Dysregulation of the IGF‐I/PI3K/AKT/mTOR signaling pathway in autism spectrum disorders

Abstract The IGF‐I/PI3K/AKT/mTOR signaling pathway plays an important role in the regulation of cell growth, proliferation, differentiation, motility, survival, metabolism and protein synthesis. Insulin‐like growth factor‐I (IGF‐I) is synthesized in the liver and fibroblasts, and its biological actions are mediated by the IGF‐I receptor (IGF‐IR). The binding of IGF‐I to IGF‐IR leads to the activation of phosphatidylinositol 3‐kinase (PI3K).

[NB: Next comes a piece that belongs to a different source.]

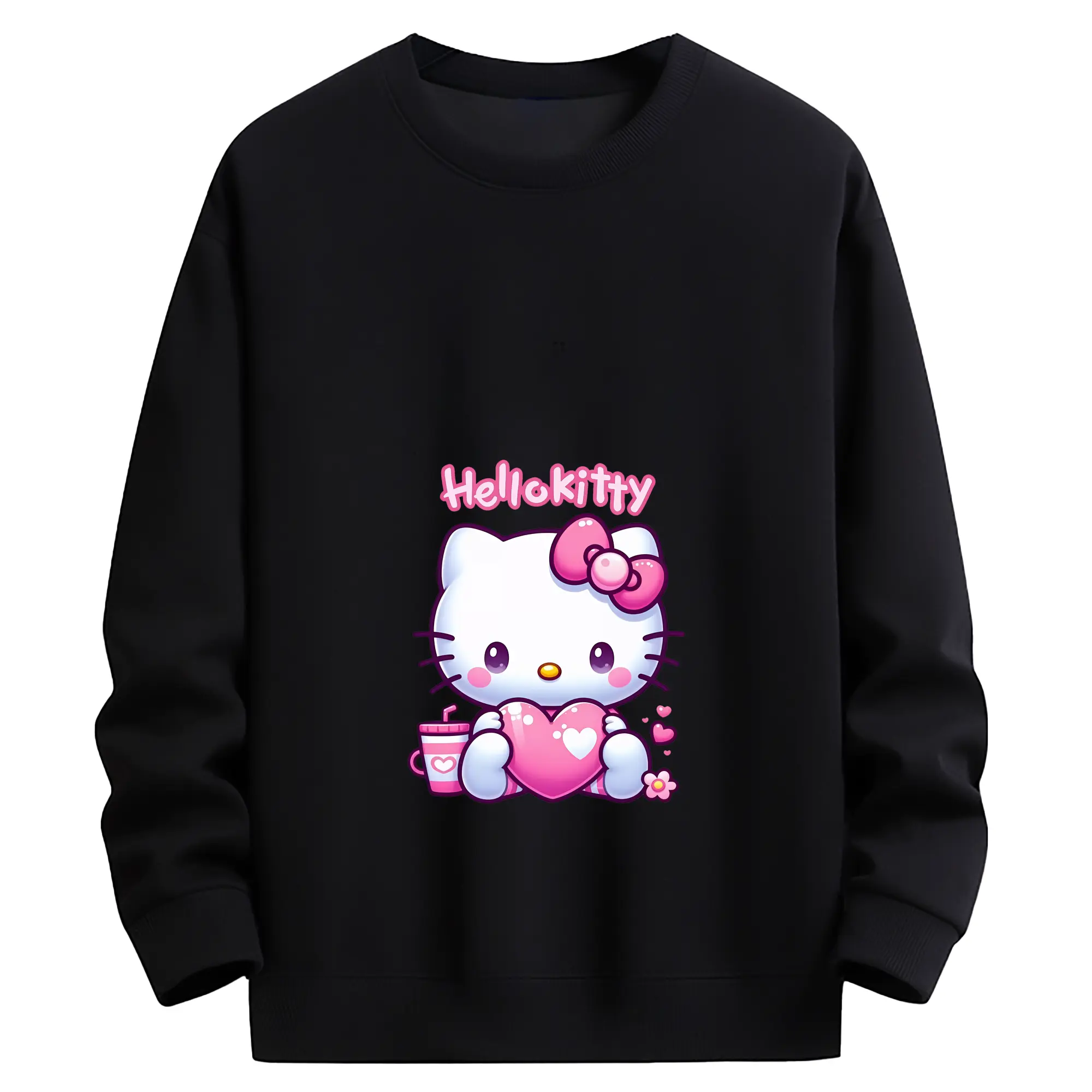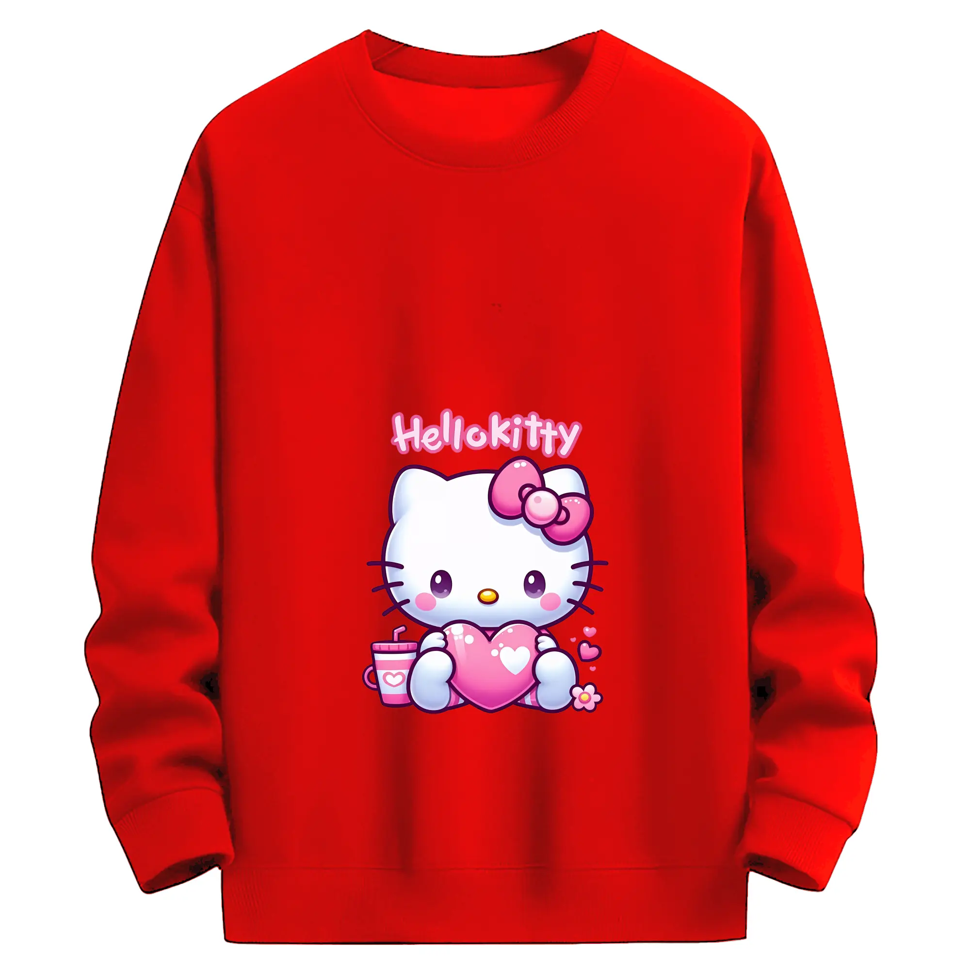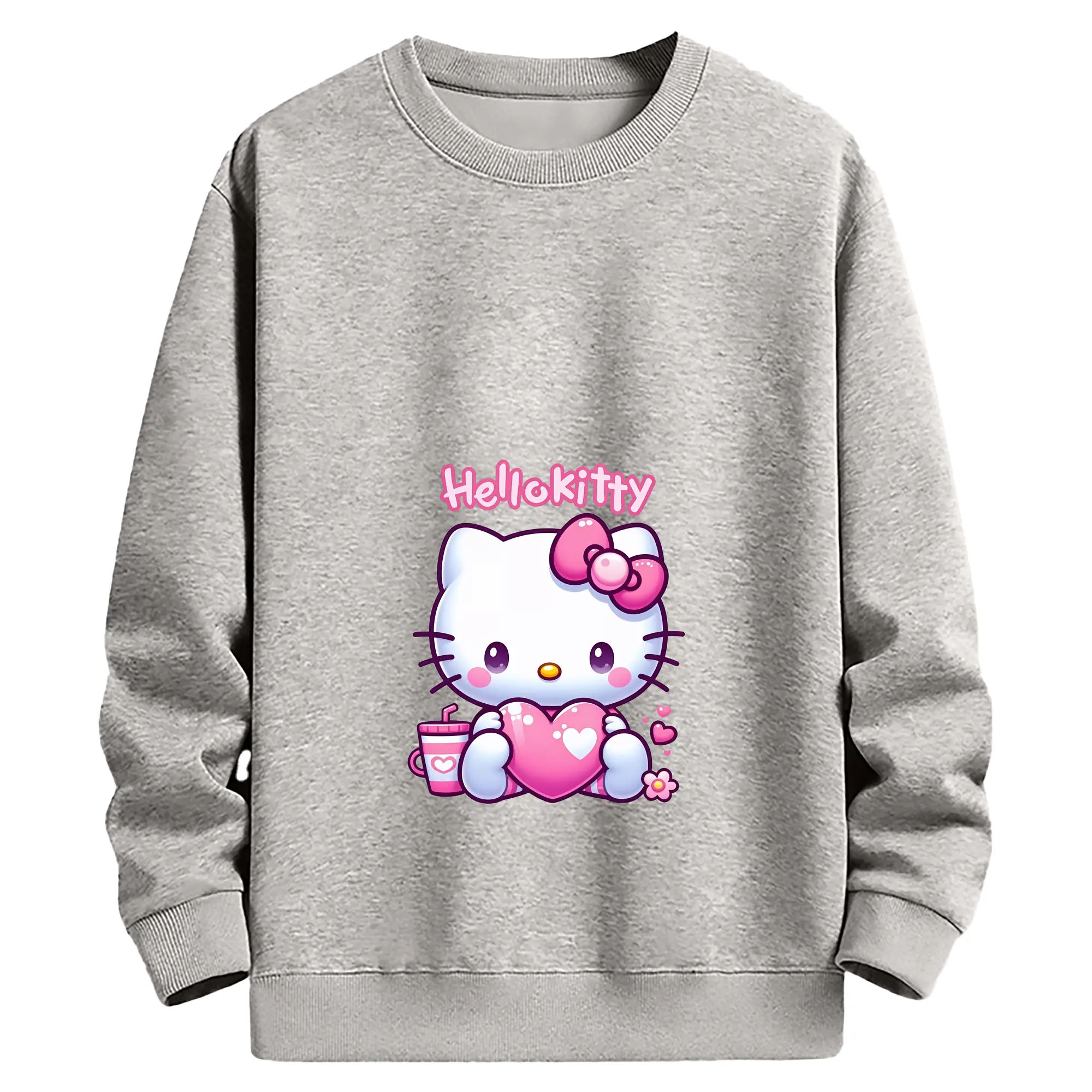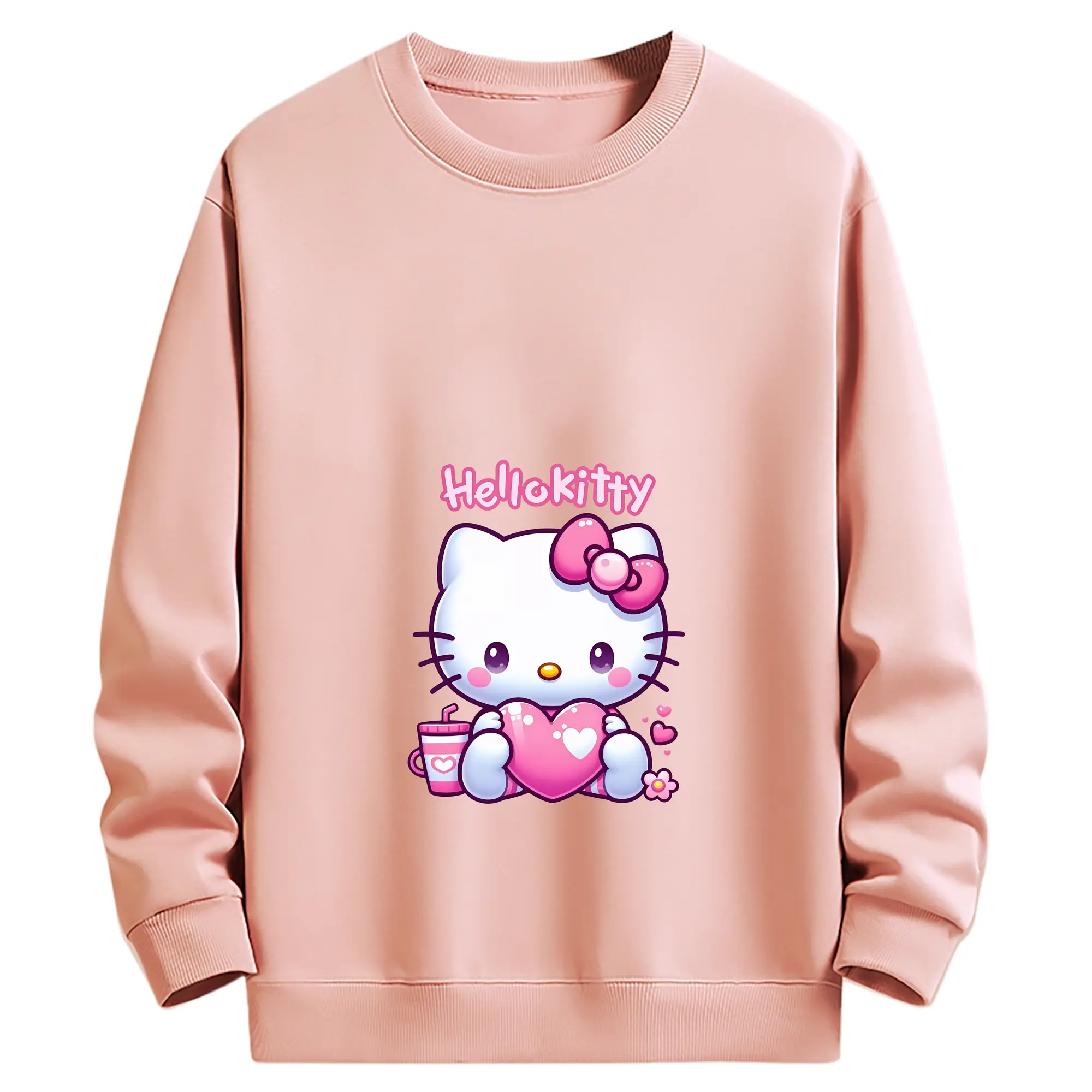 サンリオ グッズ,ハローキティ - 薄手 クルーネック スウェット 裏毛260g · ポリエステル 春秋向け カジュアル 男女兼用 · トレーナー デイリー スポーツ 散歩に最適

Activated PI3K stimulates the production of phosphatidylinositol (4,5)‐bisphosphate [PI(4,5)P2] and phosphatidylinositol (3,4,5)‐trisphosphate [PI(3,4,5)P3]. The PH domain of AKT (protein kinase B, PKB) (v‐AKT murine thymoma viral oncogene homolog) binds to PI(4,5)P2 and PI(3,4,5)P3, followed by phosphorylation of the Thr308 and Ser473 regulatory sites. Tuberous sclerosis complex 1 (TSC1) and TSC2 are upstream regulators of mammalian target of rapamycin (mTOR) and downstream effectors of the PI3K/AKT signaling pathway. The activation of AKT suppresses the TSC1/TSC2 heterodimer, which is an upstream regulator of mTOR. Dysregulated IGF‐I/PI3K/AKT/mTOR signaling has been shown to be associated with autism spectrum disorders (ASDs). In this review, we discuss the emerging evidence for a functional relationship between the IGF‐I/PI3K/AKT/mTOR pathway and ASDs, as well as a possible role of this signaling pathway in the diagnosis and treatment of ASDs.